Seven states have addressed the problem by passing legislation requiring wipe products to be clearly labeled as non-flushable. And last June, Congress passed the Wastewater Infrastructure Pollution Prevention and Environments Safety Act, or WIPPES Act. The measure, co-sponsored by retiring Alaska Democratic Rep. Mary Peltola, would “require certain products to be labeled ‘Do Not Flush’” and establish penalties for violations. The bill was sent to the Senate, where it remained in the Committee on Commerce, Science and Transportation.

If passed, the law could ultimately change customers’ understanding and purchasing habits about “flushable wipes,” Baker said, but it won’t be a silver bullet to the water industry’s problems. It can also be difficult to get people to give up habits they’ve had for years, without ever considering the toll this takes on public infrastructure.

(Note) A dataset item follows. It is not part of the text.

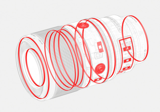 Novinka dizajnovo naväzuje na 90-ku, ale je tu hneď niekoľko zásadných rozdielov a to medzi ne nerátam o 10 mm dlhšie ohnisko. V prvom rade je to objektív najvyššieho radu G Master, 90-ka je „len“ v rade G. Silikónové tesnenia okolo všetkých tlačidiel a prepínačov, gumové tesnenie objektívu a ďalšie vylepšenia tvoria efektívnu konštrukciu odolnú proti prachu a vlhkosti, ktorá maximalizuje spoľahlivosť v náročných vonkajších podmienkach. Predný prvok objektívu má fluórovú vrstvu, ktorá odpudzuje nečistoty a uľahčuje ich odstránenie, ak sa napriek tomu dostanú na povrch objektívu.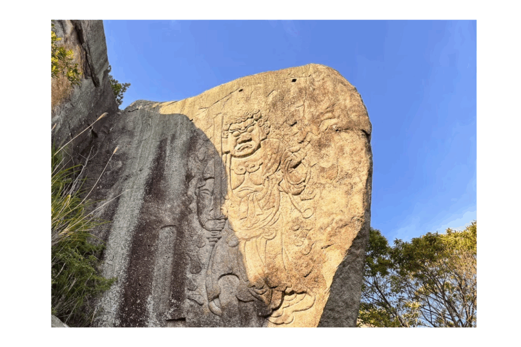 息を弾ませながらどんどん下っていくと、山の八合目あたりにあるという不動岩に到着しました。その名の通り、不動明王が刻まれた岩です。

Baker and Schmitz both said educating the public is the factor that will ultimately make the biggest difference. In its public publications and social media posts, AWWU regularly advocates for people not to dispose of them in pipes and septic tanks, including in a 12-minute video Baker shared about the utility’s treatment plants.

“They’re wreaking havoc on the system,” Baker says at one point. “Please don’t flush wipes even if they say ‘flushable.’ Just throw them away.”